Waves of both good and bad news have swept through the Thai education world this month alone. These realities reflect not only the inequitable structure of our national education policy but also the lack of attention authorities have paid to the field.
First the bad news. The latest survey by the Mental Health Department reveals that the average intelligence quotient (IQ) of Thai students aged six to 15 is 98.59, a little lower than the world's median average of 100. Children in Singapore, Hong Kong, China and Japan have, on average, a higher IQ.
Frankly speaking, this simply means that Thai students are of lower intellectual capability at best, and even less capable than their peers in those countries at worst.
By region, students in the Northeast had the lowest average scores, with 95.99. In the South, students did a bit better, scoring 96.85. On average, Northern students' scores were 100.11 while students in the Central region achieved 101.29. Students in Bangkok averaged 104.5.

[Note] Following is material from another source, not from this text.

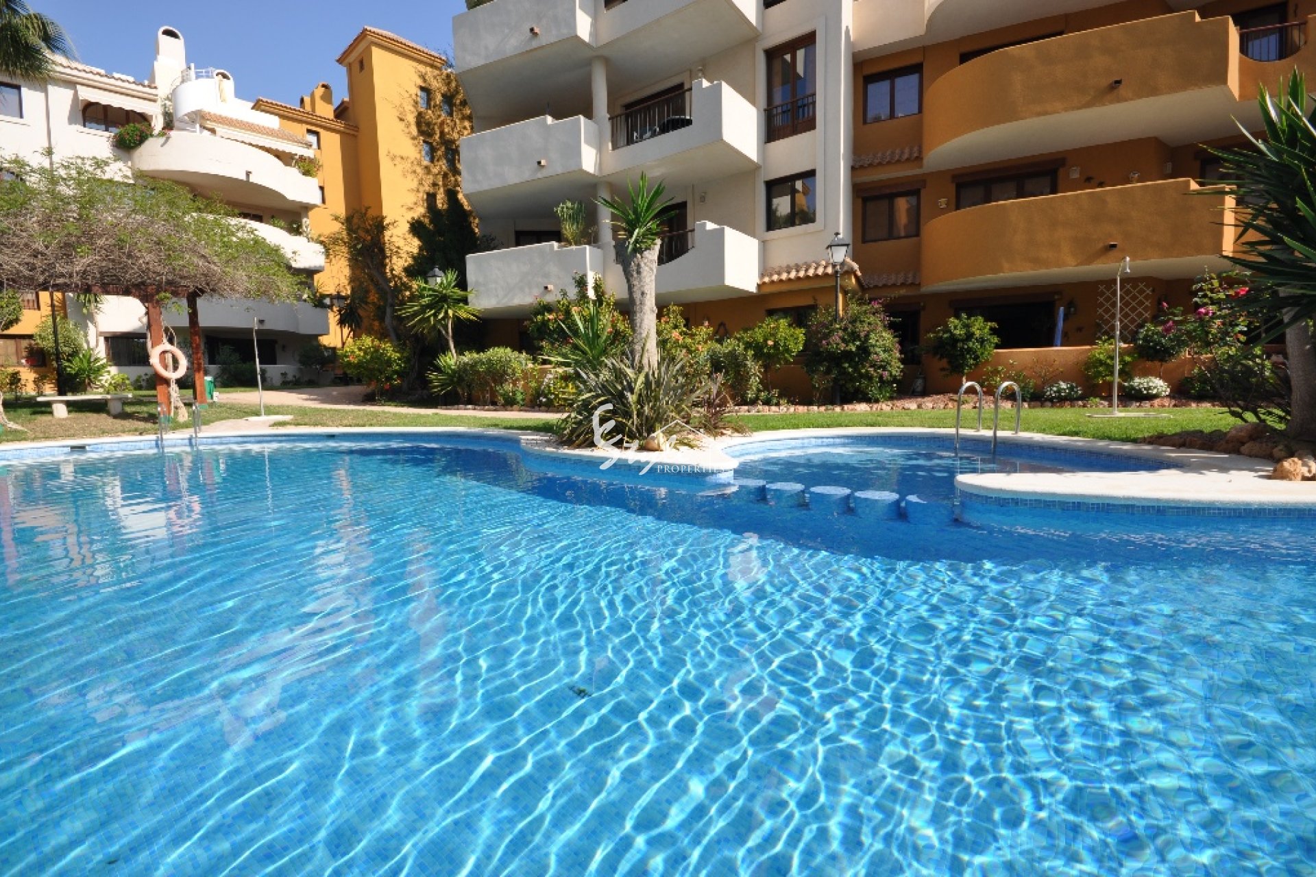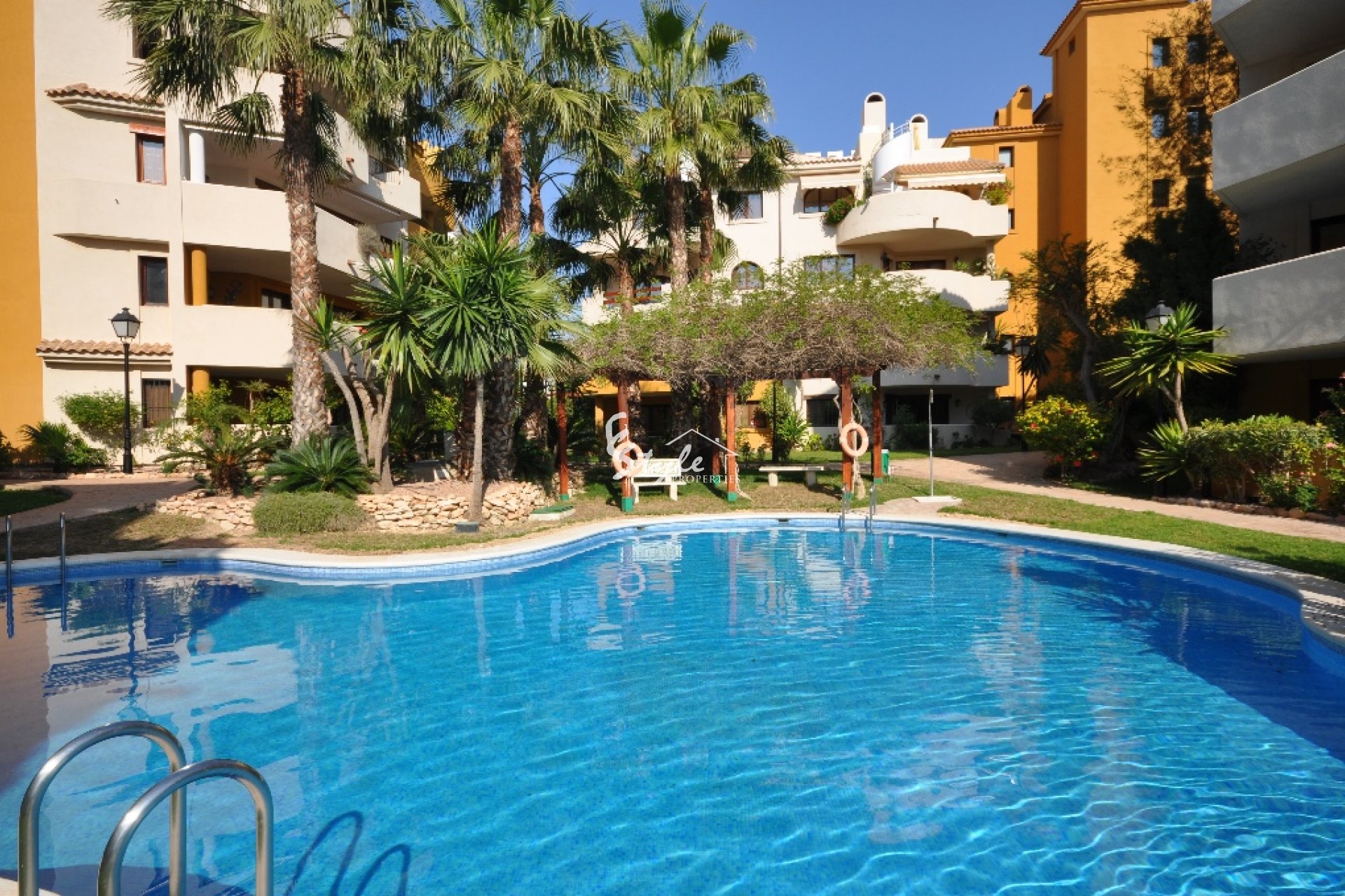 Panorama Park de lujo urbanización cerrada con zona verde ajardinada y una piscina comunitaria. El mar y las playas de Punta Prima a sólo unos minutos a pie. También a poca distancia de tiendas, restaurantes, paseo precioso, gimnasio, oficinas bancarias. Aproximadamente 5 a 10 minutos en coche de los principales centros comerciales, campos de golf, lagos de sal únicas de Torrevieja.

Of 72,780 Thai students surveyed, 6.5 per cent qualified as having intellectual disabilities, because their IQs were lower than 70.
The second piece of bad news came on Monday, when 200 students rallied in front of the Faculty of Mass Communication at the prestigious Chiang Mai University, demanding that the faculty's dean step down following her alleged poor management. Not long before that, a similar protest occurred at the same university's Faculty of Education, resulting in the removal of its faculty dean.